System.out.println(removeDuplicates("Java Programming")); // "Jav Progmni"

Time Complexity: O(n) for method 1&3, O(n²) for method 2. Space Complexity: O(1) extra for method 1 (fixed size array).

Implement strStr() (index of first occurrence of pattern in text)

Section titled “Implement strStr() (index of first occurrence of pattern in text)”
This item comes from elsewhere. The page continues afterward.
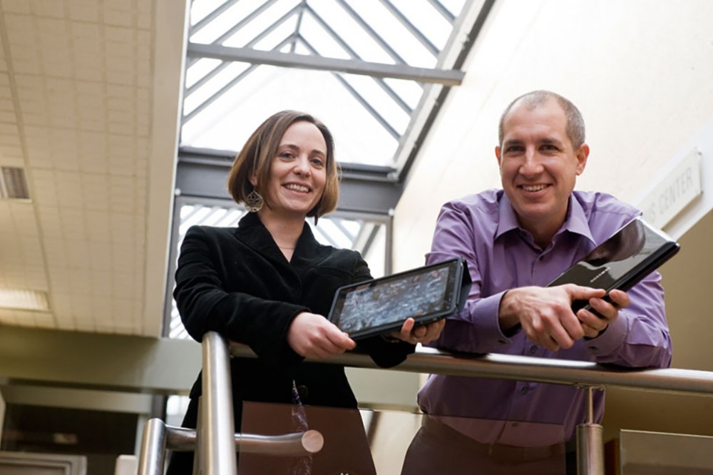 Andrea Hickerson, assistant professor of communication in RITâs College of Liberal Arts and Victor Perotti, associate professor of management information systems at RITâs E. Philip Saunders College of Business, have been awarded a $154,000 grant from the Knight Foundation for âRising Above the Crowd,â a real-time experiment in community engagement using mobile devices and interactive displays. It will be formally launched during Imagine RIT: Innovation and Creativity Festival on May 7. -

Use brute force or KMP algorithm to find first occurrence of pattern in text.[5][6][7]

Interview Example:

// Method 1: Brute Force (Simple and interview-friendly)
public static int strStr(String text, String pattern) {
if (pattern == null || pattern.isEmpty()) {
return 0;
}
if (text == null || text.length() < pattern.length()) {
return -1;
}
int n = text.length();
int m = pattern.length();
// Try each position in text
for (int i = 0; i <= n - m; i++) {
boolean found = true;
// Check if pattern matches at position i
for (int j = 0; j < m; j++) {
if (text.charAt(i + j) != pattern.charAt(j)) {
found = false;
break;
}
}
if (found) {
return i;
}
}
return -1;
}
// Method 2: KMP Algorithm (Optimal)
public static int strStrKMP(String text, String pattern) {
if (pattern == null || pattern.isEmpty()) {
return 0;
}
if (text == null || text.length() < pattern.length()) {
return -1;
}
int[] lps = computeLPS(pattern);
int i = 0; // text pointer
int j = 0; // pattern pointer
while (i < text.length()) {
if (text.charAt(i) == pattern.charAt(j)) {
i++;
j++;
}
if (j == pattern.length()) {
return i - j; // Found at index
} else if (i < text.length() && text.charAt(i) != pattern.charAt(j)) {
if (j != 0) {
j = lps[j - 1];
} else {
i++;
}
}
}
return -1;
}
// Compute Longest Proper Prefix which is also Suffix
private static int[] computeLPS(String pattern) {
int m = pattern.length();
int[] lps = new int[m];
int len = 0;
int i = 1;
lps[0] = 0; // lps[0] is always 0
while (i < m) {
if (pattern.charAt(i) == pattern.charAt(len)) {
len++;
lps[i] = len;
i++;
} else {
if (len != 0) {
len = lps[len - 1];
} else {
lps[i] = 0;
i++;
}
}
}
return lps;
}
// Method 3: Using two pointers (cleaner brute force)
public static int strStr2(String haystack, String needle) {
if (needle.isEmpty()) return 0;
if (haystack.length() < needle.length()) return -1;
for (int i = 0; i <= haystack.length() - needle.length(); i++) {
int j = 0;
while (j < needle.length() &&
haystack.charAt(i + j) == needle.charAt(j)) {
j++;
}
if (j == needle.length()) {
return i;
}
}
return -1;
}
// Test cases
System.out.println(strStr("hello", "ll")); // 2
System.out.println(strStr("aaaaa", "bba")); // -1
System.out.println(strStr("", "")); // 0
System.out.println(strStr("abc", "")); // 0
System.out.println(strStr("mississippi", "issip")); // 4
// KMP tests
System.out.println(strStrKMP("sadbutsad", "sad")); // 0
System.out.println(strStrKMP("leetcode", "leeto")); // -1
System.out.println(strStrKMP("ababcabcabababd", "ababd")); // 10
// Find all occurrences (bonus)
public static List<Integer> findAllOccurrences(String text, String pattern) {
List<Integer> positions = new ArrayList<>();
int index = 0;
while (index <= text.length() - pattern.length()) {
int pos = strStr(text.substring(index), pattern);
if (pos == -1) break;
positions.add(index + pos);
index = index + pos + 1;
}
return positions;
}
System.out.println(findAllOccurrences("aabaabaa", "aab")); // [0, 3, 6]

Time Complexity: Brute Force: O(n×m), KMP: O(n+m). Space Complexity: O(1) for brute force, O(m) for KMP.[7][5]